The complexity involved is truly mind boggling, now let's go back a few more generations to the 7800 gtx of about 20 years ago when they only had 302 million transistors.
Progress to fit in more and the gains from shrinking them were easy to achieve.
That gpu's are as cheap as they are is crazy, the gains we continue to see are pretty monumental even if they are only on the very high end, but thst filters down.
Entry level cards gave never offered so much performance at such a good value as they do right now.
I remember paying £700 for an asus 7800 GTX when it launched, with inflation that would be over £1200 today and entry level cards are an order of magnitude more complex, powerful and capable at 1/3rd of the price.
Let's look at the 2080ti, the start of the 'modern' gpu techs.
2080ti released in 2018 with 18.6 Billion transistors costing £900, adjusted for inflation that is £1200.
Now a 5060 ti 16GB has 21.9 Billion transistors, costs £400 and handily beats the old king, again, for a 3rd of the price, how is that not solid progress?
Not to mention the added tech we have now.
If you really think there is deliberate stagnation and greed behind prices and smaller performance increases, you really should just walk away and try understanding what is involved.
Debatable. After GeForce 4, I used to buy exclusively cards that cost 150 EUR max. Up to 2017 that would net me a card that could play anything, albeit not necessarily everything at high settings, FHD. Plus 4GB of VRAM on top of that, that is double the amount of VRAM of minimum specs of games of that era (Dishonored 2, Mankind Divided, etc.)
Now I'm paying double to achieve the same (when it should be for WQHD by now given how old FHD is). Plus there's still cards for over 300 EUR released with 8GB, specifically marketed as FHD hardware. 8GB are the absolute minimum specs in 2025 (Doom, Indiana Jones, etc.) The CPU levels I target still cost pretty much the same -- there's also still decent budget CPUs for ~100 EUR and even a Ryzen 9950X3D is cheaper than an Athlon 64 FX-55 ever used to be 20 years ago. Generally, people are switching to higher priced graphics cards because they have to. 500, 600 bucks+ is the new midrange.
HOWEVER: This is offset by that you can use cards longer, which is naturally connected also to the slower gains -- also on consoles, which are really running the show on what gets be developed on the blockbuster front. AAAA PC exclusives are pretty much dead, after all. Plus: The worth of cards used to be slashed in half after a year or two. You can still sell GPUs after years in use (also connected to the slower gains, naturally).
Nah we are not at the end, mainly because the node take the best 3nm, it's called 3nm for marketing and realistically it's not 3nm.
Here are some results of the 3nm process I'll quote.
"For TSMC’s N3 process, the contacted gate pitch (the distance between transistor gates) is reported to be around 45-47 nm for real-world implementations, which is significantly larger than 3nm."

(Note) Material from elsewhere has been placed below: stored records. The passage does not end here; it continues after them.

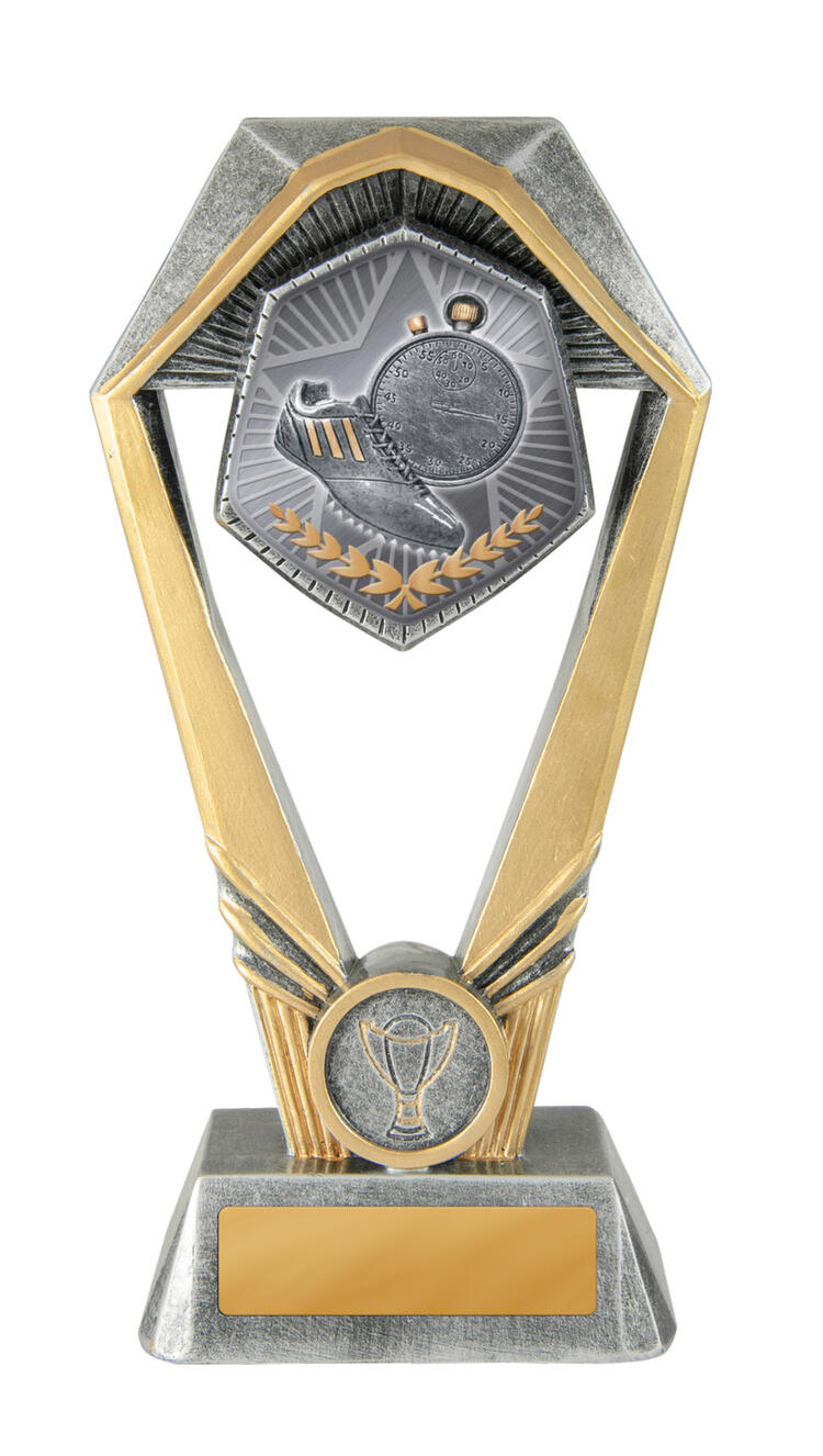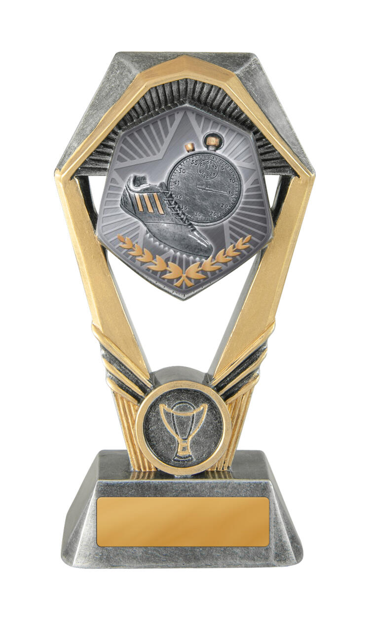 Striking a balance between modern design and classic symbolism, this athletics trophy features a geometric hexagonal top on a sturdy rectangular base. Crafted from resin, it showcases a stopwatch, running shoe, and laurel wreath motif. It offers a professional and memorable way to honour athletic achievement.
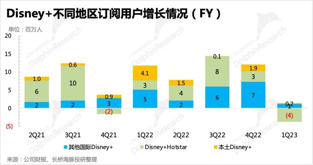 2、Disney+更加追求增长的“质量”:一季度流媒体用户环比流失100万订阅用户,显著弱于一致预期,但与部分核心投行的预期差不多。其中Disney+流失情况最惨,主要源于迪士尼没有继续拿下印度IPL2023-2027年的五年独播版权。除此之外,就是北美地区的增长明显走弱,也基本与第三方app活跃数据的趋势相一致。
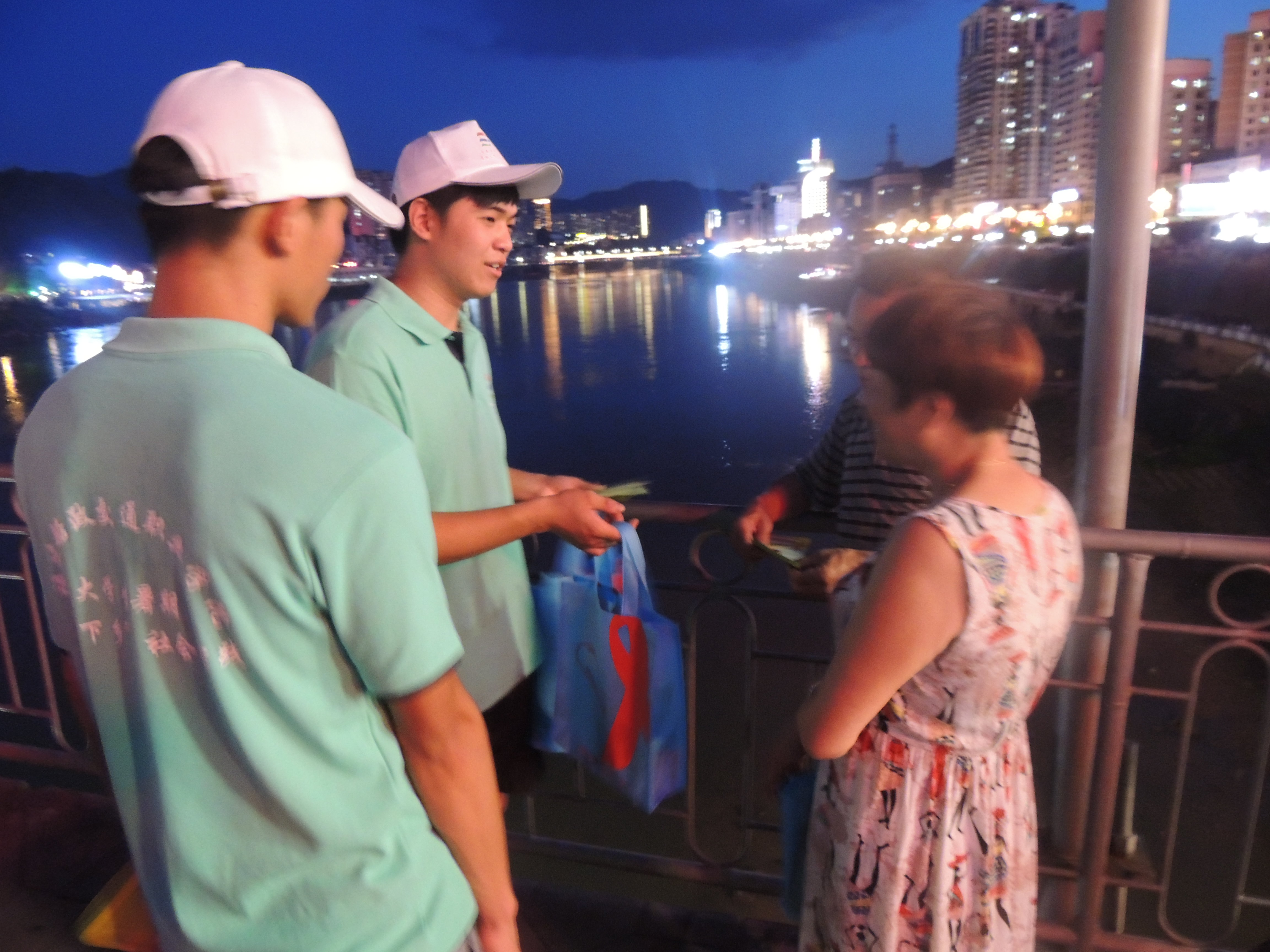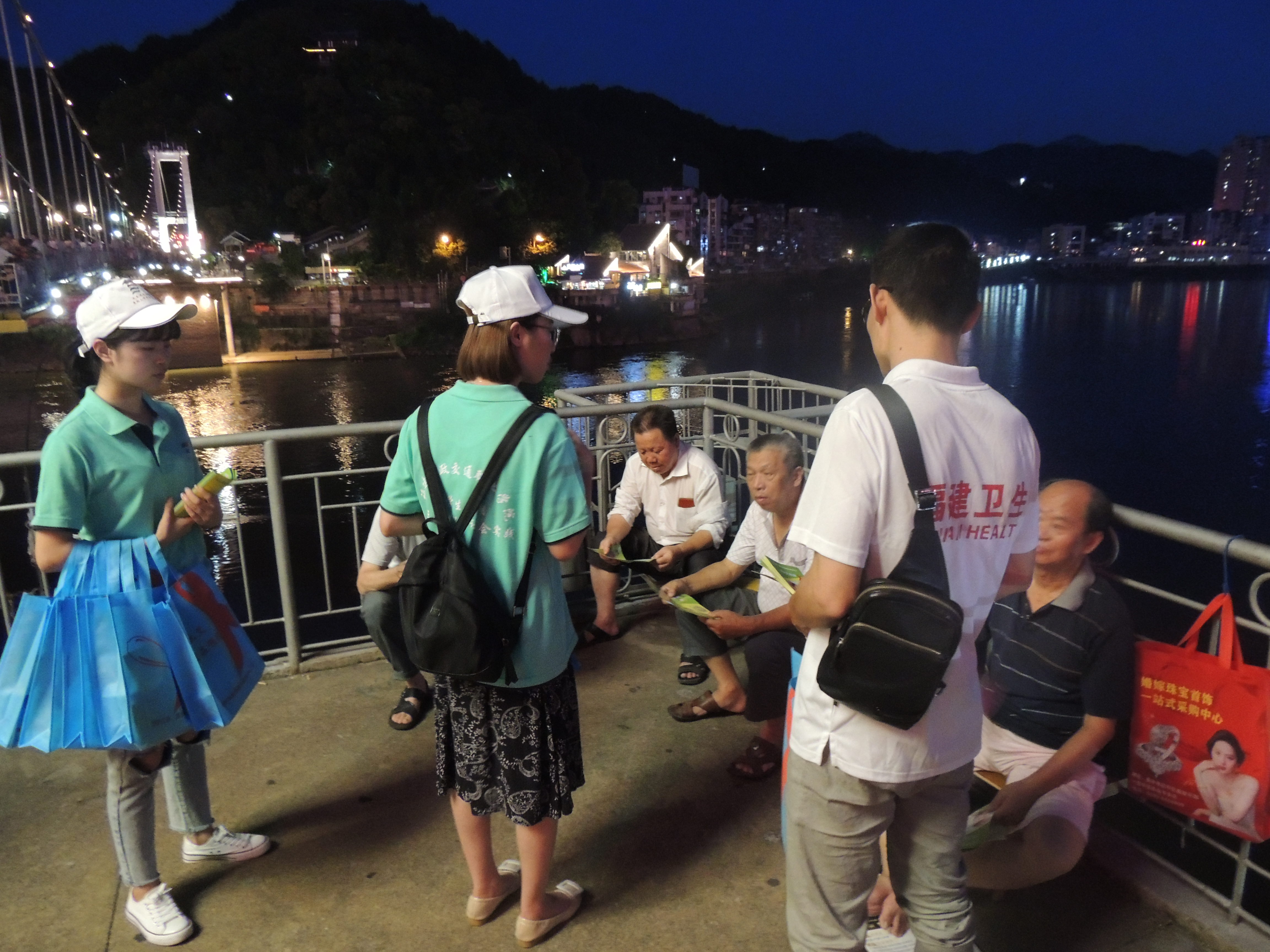 7月9日当天并同南平市疾病控制中心的科研室主任和数位医师及我们实践队领队沈晓家老师以及实践团的师生进行多点宣传。在疾控中心医师的防艾知识普及下,我们得知南平市艾滋发病率多在40岁以上的中老年人,我系宣传队根据这一特点,选择下午到傍晚在中老年人活动的密集区的公园、社区开展禁毒防艾的宣传活动。
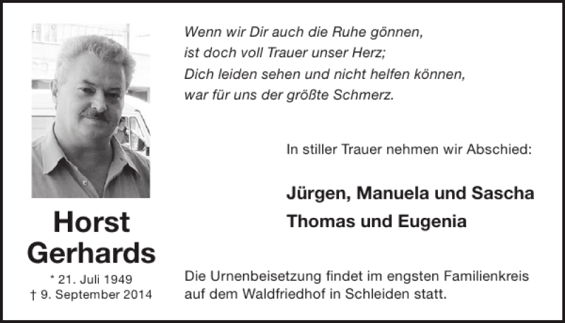 Hier finden Sie alle Traueranzeigen aus der Zeitung, die bisher für Horst Gerhards erschienen sind. Weitere Traueranzeigen, die in der Zeitung erscheinen, werden hier ebenfalls aufgelistet
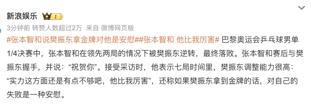 尽管这次四强和樊振东的拼死一战,张本智和遗憾落败于樊振东。
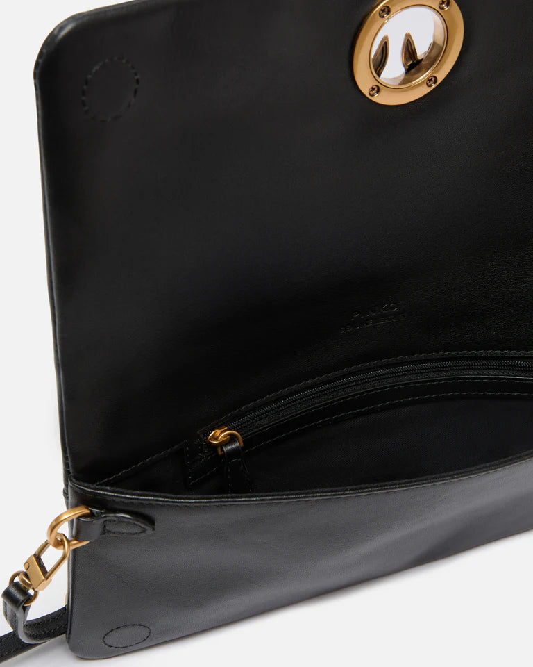 Pochette Love Bag Click Soft Horizontal di medie dimensioni dal design piatto e dalla forma rettangolare, realizzata in morbida pelle. La borsetta, imbottita e personalizzata dall'iconico logo metallico Love Birds Diamond Cut sul davanti, può essere indossata a spalla, crossbody oppure a mano grazie alla tracolla in pelle rimovibile, decorata da anellini in metallo che formano il logo lettering PINKO. La chiusura con due bottoni interni a calamita rivela un interno foderato in drill di cotone con tasca a parete chiusa da zip. Attiva la tua borsa PINKO: verifica l'autenticità del tuo prodotto e accedi all'esperienza personalizzata avvicinando il tuo smartphone al ricamo Love Birds che trovi sul retro della borsa! - CLICK SOFT HORIZONTAL CLASSIC

"The fin pitch (distance between fins in FinFET transistors) is estimated to be around 25-26 nm, and the metal pitch (distance between metal interconnects) is similarly in the range of 30 nm or slightly less. These dimensions are much larger than 3nm, showing that the node name is a marketing convention rather than a literal size."
"TSMC’s 3nm node still uses FinFET (fin field-effect transistor) technology, unlike Samsung’s 3nm node, which uses GAAFET (gate-all-around FET) with nanosheets. The smallest feature sizes in TSMC’s N3 process, such as gate width or channel thickness, are likely in the range of 10-20 nm, but no single feature is as small as 3nm."
So we are only at 10nm at very best in the smallest parts of a chip but more like 20 to 40nm+ for most of it.
With the marketing at some point they will have to release a -0.1 node at this rate.
"At better prices" seems like a pile of crap. Prices have gone insane, but a big part of that is that scalpers & crypto freaks showed the GPU companies that lunatics would overpay for GPUs. So they had no reason not to jack the prices up. The lunatics will still happily buy. . . and the rest of us are just stuck with awful prices and are forced to buy if we want to keep gaming.
But we can't even get those regular inflated prices, because lack of supply & scalpers drive it all even higher.